Maybe we all still long to be that child, bowing in awe to the will of our superhuman parent. That could explain why we are drawn to individuals that openly and defiantly break laws, rules and social conventions. It would make irresponsible, boastful and arrogant leaders strangely attractive to the inner child we lost in early childhood. It would also explain why kings and tyrants through the ages have always been portrayed as larger-than-life, close to God or Gods, and possessed with magical and mystical powers.

David Graeber and Marshall Shalins in their book “On Kings” argue that we don’t want our kings and rulers to obey the law but to stand above it. A king that is constitutionally limited lacks that superhuman, even supernatural appeal that a ruler that answers to nothing and no-one seems to have. If I see what tyrants historically got away with, and often still do, it could be because of their followers’ need for someone who is truly above all human laws. That could be an echo of what the powerless child saw in its parents before they fell from grace.

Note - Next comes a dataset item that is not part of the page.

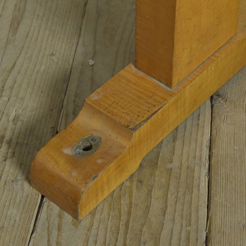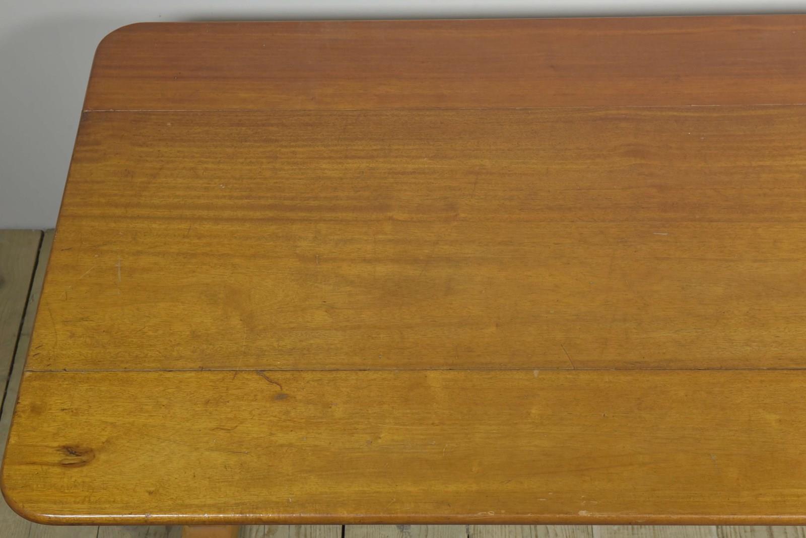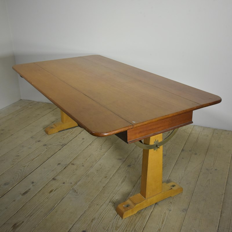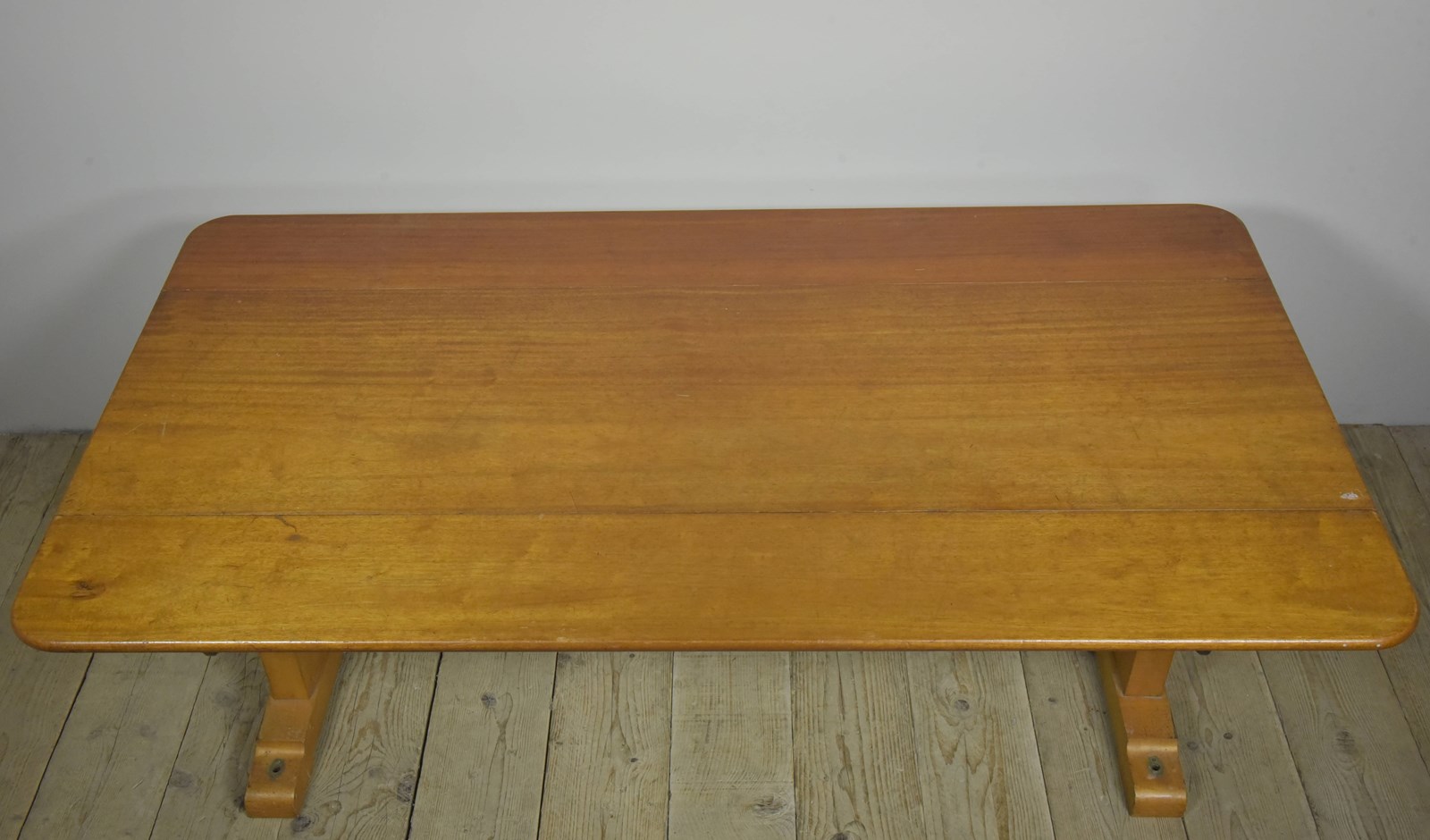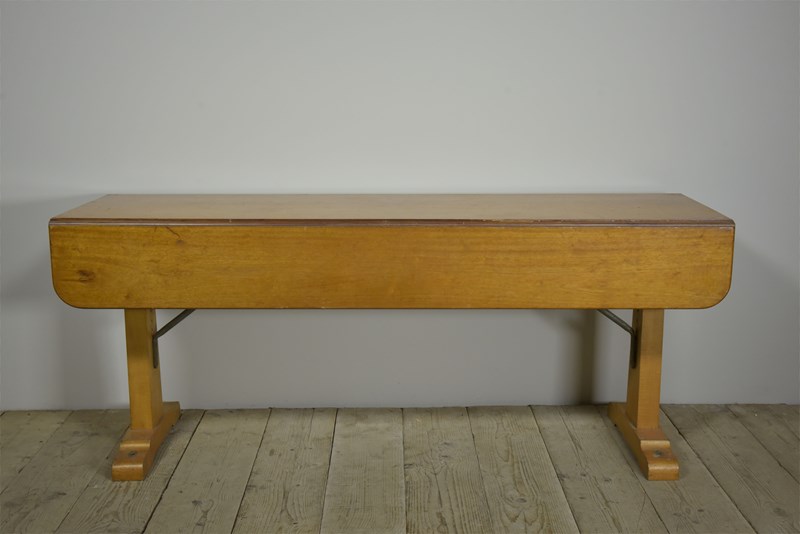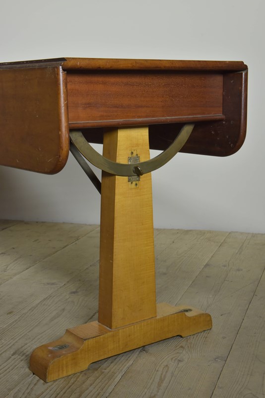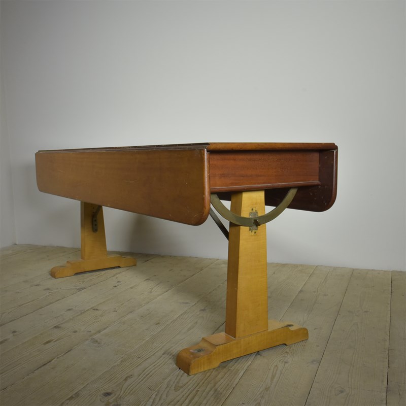 An unusual old ships / boats/ yachts table with a mahogany drop leaf top and maple trestle ended base and an iron stretcher.

The paradoxical combination those two instincts – the drive to protect and cherish our children, triggered by adults that behave like over-sized toddlers and the need for superhuman parent figures, triggered by ruthless individuals openly flaunting laws and conventions – can explain the fanatical devotion and protectiveness paired with unquestioning obedience you so often see destructive tyrants and misbehaving kings surrounded with.

If my suspicions are true, humanity is constantly at risk of being tricked by some of our deepest instincts into admiring, enabling and obeying deeply flawed, psychopathic and destructive individuals. Not because we consciously choose to do so, but because our instincts drive us to it.

So, what can we do about it? Are we doomed to fall for infantile bosses and ridiculous rulers forever?

I certainly hope not. I believe we are more than our instincts. I believe we can train our self-awareness and self-control to recognise and self-correct when our instincts trick us and are being used against us. I also believe we can shape our culture – the shared assumptions, behaviours and stories that our society lays on top of our instincts – to protect us from such abuse and trickery. It does mean we cannot let our culture be dictated by those who want to take advantage of such manipulation. We must, collective, choose to steel ourselves against the abuse of our vulnerable instincts, so we are less inclined to run blindly after rulers that lead us astray.